_YOUR GOAL:_ What you return must match the records word for word, except that images are dropped.

-------- SOURCE DATA --------

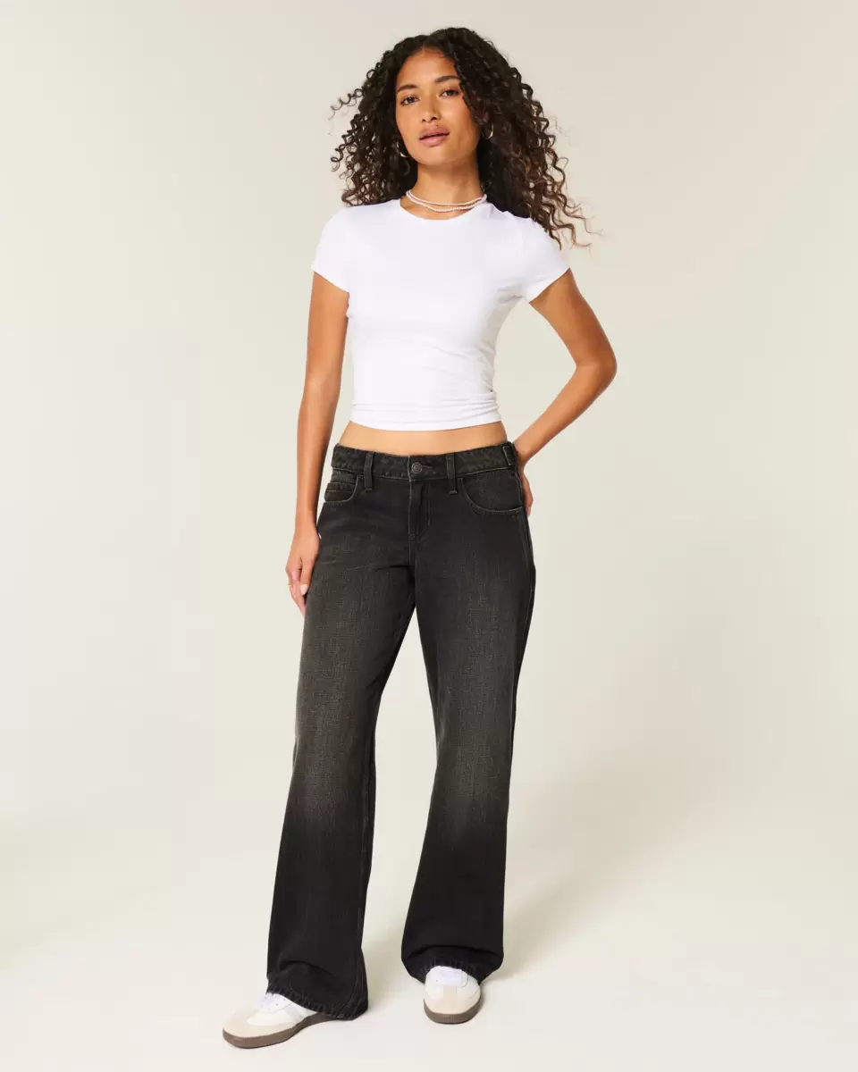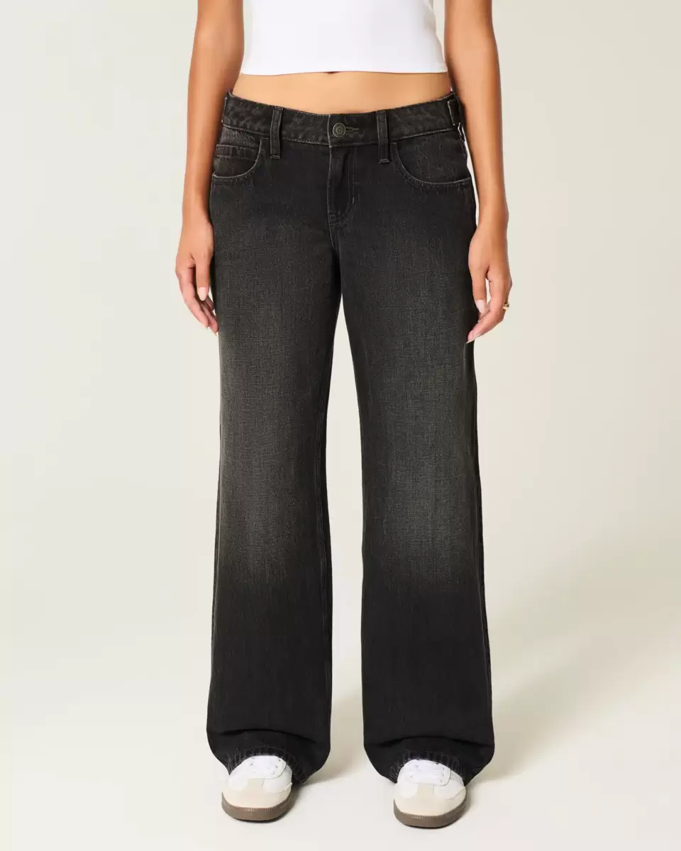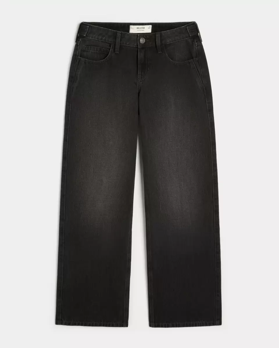 Comfortable denim jeans in washed black, designed with an adjustable low-rise waist and baggy leg. Fading. Imported.
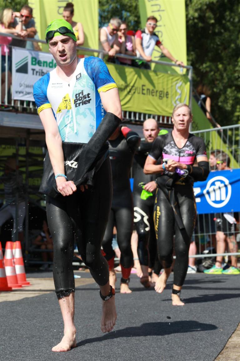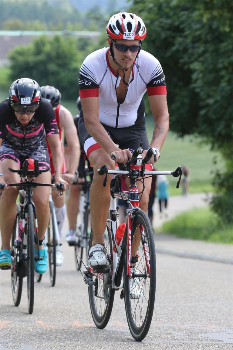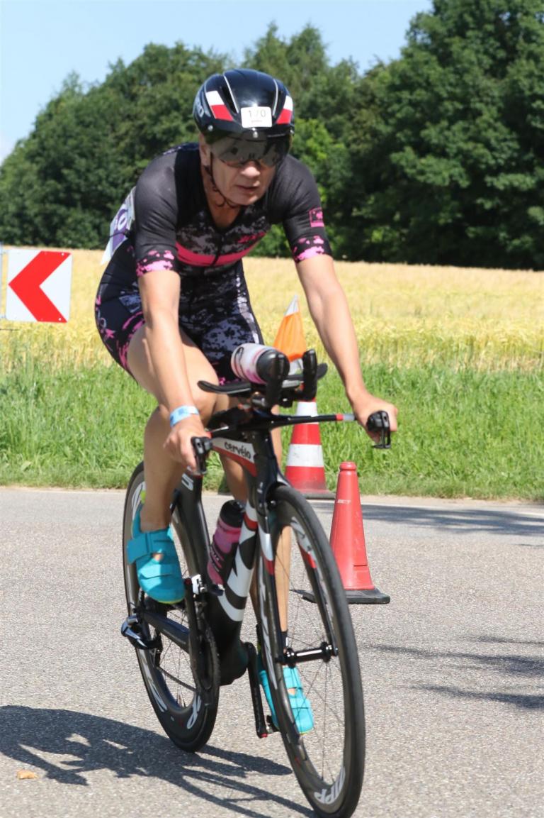 Geschwommen wurde im Hardtsee in Ubstadt-Weiher. Bei einer Wassertemperatur von 23,7 Grad durften wir mit Neo schwimmen, für die Profis galt Neoverbot. Mit einer Schwimmzeit von 36:25 ging ich als 3. Frau in meiner AK aus dem Wasser.
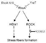 Figure S2. Diagram of the RhoA Pathway Controlling Actin Stress Fiber Assembly RhoA N19 is a dominant-negative mutant, and YopT is a cytotoxin that proteolyzes and inactivates RhoA. Y27632 is a potent ROCK inhibitor. |
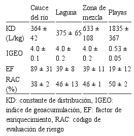 Los niveles alcanzados para el código de evaluación de riesgo (Cuadro II . Fig. 4) son coincidentes, y establecen que el riesgo en el medio marino (50 ± 2 %) es muy elevado, mientras que en la laguna (46 ± 13%), en la zona de mezcla (46 ± 1%) y en el cauce final del río (38 ± 2 %) es elevado (Wang et al. 2016). Independientemente de la concentración total de As, los resultados muestran una importante biodisponibilidad de este elemento para los organismos del humedal y el medio marino, cuyos hábitos tróficos dependen de las partículas depositadas en el fondo, que además pueden removilizarse a la columna de agua y elevar el riesgo biológico. El riesgo es potencial basado en una metodología práctica, pero que no considera la realidad en términos de fuerza iónica y actividad protónica.
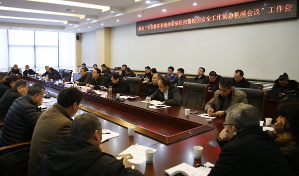 1月7日上午,学校落实“全省教育系统传染病防控暨校园安全工作紧急视频会议”工作会在鄠邑校区图书馆第二会议室召开。校党政领导赛云秀、李天太、张木、陈军斌、苏文甫出席会议。校稳定安全成员单位负责人,各院系书记、院长参加会议。校党委副书记张木主持会议。

--------

_RESPONSE TO THE TASK:_
 Comfortable denim jeans in washed black, designed with an adjustable low-rise waist and baggy leg. Fading. Imported.
 Geschwommen wurde im Hardtsee in Ubstadt-Weiher. Bei einer Wassertemperatur von 23,7 Grad durften wir mit Neo schwimmen, für die Profis galt Neoverbot. Mit einer Schwimmzeit von 36:25 ging ich als 3. Frau in meiner AK aus dem Wasser.
 Figure S2. Diagram of the RhoA Pathway Controlling Actin Stress Fiber Assembly RhoA N19 is a dominant-negative mutant, and YopT is a cytotoxin that proteolyzes and inactivates RhoA. Y27632 is a potent ROCK inhibitor. |
 Los niveles alcanzados para el código de evaluación de riesgo (Cuadro II . Fig. 4) son coincidentes, y establecen que el riesgo en el medio marino (50 ± 2 %) es muy elevado, mientras que en la laguna (46 ± 13%), en la zona de mezcla (46 ± 1%) y en el cauce final del río (38 ± 2 %) es elevado (Wang et al. 2016). Independientemente de la concentración total de As, los resultados muestran una importante biodisponibilidad de este elemento para los organismos del humedal y el medio marino, cuyos hábitos tróficos dependen de las partículas depositadas en el fondo, que además pueden removilizarse a la columna de agua y elevar el riesgo biológico. El riesgo es potencial basado en una metodología práctica, pero que no considera la realidad en términos de fuerza iónica y actividad protónica.
 1月7日上午,学校落实“全省教育系统传染病防控暨校园安全工作紧急视频会议”工作会在鄠邑校区图书馆第二会议室召开。校党政领导赛云秀、李天太、张木、陈军斌、苏文甫出席会议。校稳定安全成员单位负责人,各院系书记、院长参加会议。校党委副书记张木主持会议。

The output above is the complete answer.